The part below that opens with the line containing "The neutron case" and closes with the line containing "El Facebook El" should be copied exactly, minus any pictures.
Input data: Begin
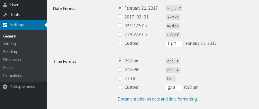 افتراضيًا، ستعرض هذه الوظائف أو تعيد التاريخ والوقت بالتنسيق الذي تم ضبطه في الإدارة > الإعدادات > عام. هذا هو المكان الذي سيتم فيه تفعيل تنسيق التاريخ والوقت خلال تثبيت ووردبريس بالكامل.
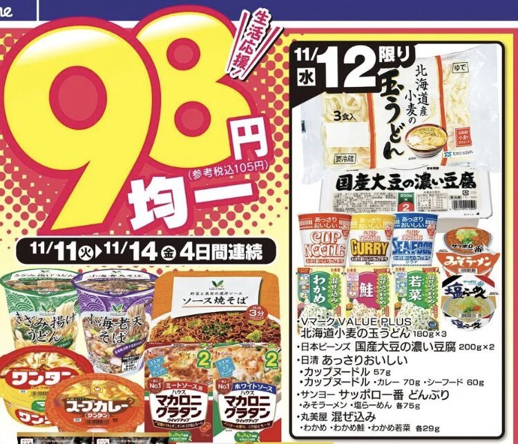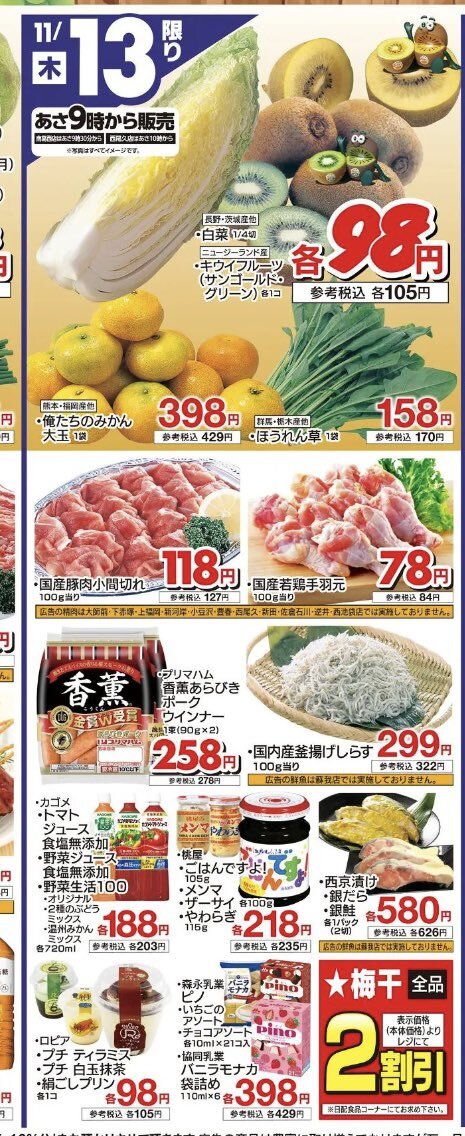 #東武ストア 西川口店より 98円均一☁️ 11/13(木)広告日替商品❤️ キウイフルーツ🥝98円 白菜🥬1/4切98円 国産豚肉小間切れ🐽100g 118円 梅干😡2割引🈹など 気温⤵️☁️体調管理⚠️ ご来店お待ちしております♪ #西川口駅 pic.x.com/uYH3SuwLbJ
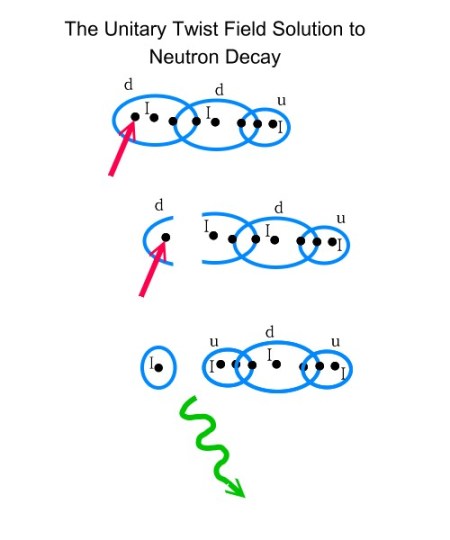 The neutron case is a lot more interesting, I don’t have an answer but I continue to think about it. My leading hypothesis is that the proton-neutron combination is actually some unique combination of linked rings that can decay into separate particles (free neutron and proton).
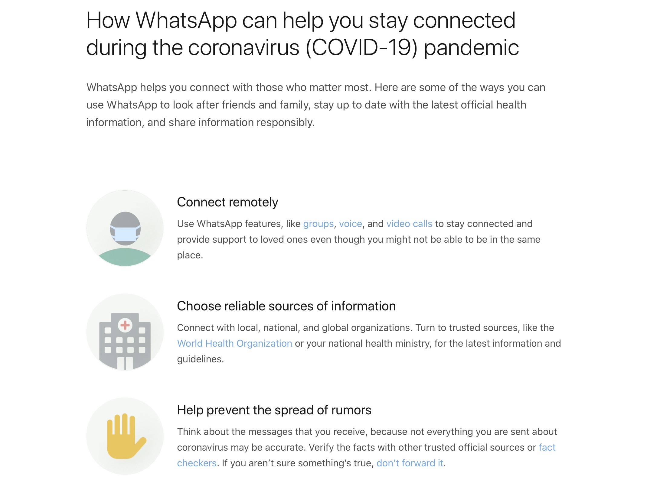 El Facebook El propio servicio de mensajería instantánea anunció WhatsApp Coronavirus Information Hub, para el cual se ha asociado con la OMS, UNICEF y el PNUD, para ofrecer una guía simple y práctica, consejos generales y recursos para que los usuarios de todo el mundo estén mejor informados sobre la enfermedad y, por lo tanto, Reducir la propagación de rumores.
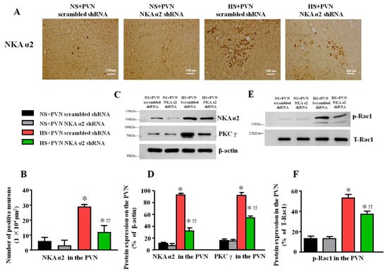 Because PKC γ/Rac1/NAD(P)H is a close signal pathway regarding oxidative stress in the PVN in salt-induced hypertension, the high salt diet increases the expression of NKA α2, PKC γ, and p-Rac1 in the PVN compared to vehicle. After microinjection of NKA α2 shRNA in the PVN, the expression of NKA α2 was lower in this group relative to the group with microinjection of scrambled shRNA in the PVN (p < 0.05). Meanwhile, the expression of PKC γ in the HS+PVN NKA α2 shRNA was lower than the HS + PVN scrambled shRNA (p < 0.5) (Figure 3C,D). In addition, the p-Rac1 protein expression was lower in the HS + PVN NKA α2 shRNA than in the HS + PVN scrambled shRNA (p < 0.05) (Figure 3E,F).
Input data: End
» **Output of the exercise**:
 The neutron case is a lot more interesting, I don’t have an answer but I continue to think about it. My leading hypothesis is that the proton-neutron combination is actually some unique combination of linked rings that can decay into separate particles (free neutron and proton).
 El Facebook El propio servicio de mensajería instantánea anunció WhatsApp Coronavirus Information Hub, para el cual se ha asociado con la OMS, UNICEF y el PNUD, para ofrecer una guía simple y práctica, consejos generales y recursos para que los usuarios de todo el mundo estén mejor informados sobre la enfermedad y, por lo tanto, Reducir la propagación de rumores.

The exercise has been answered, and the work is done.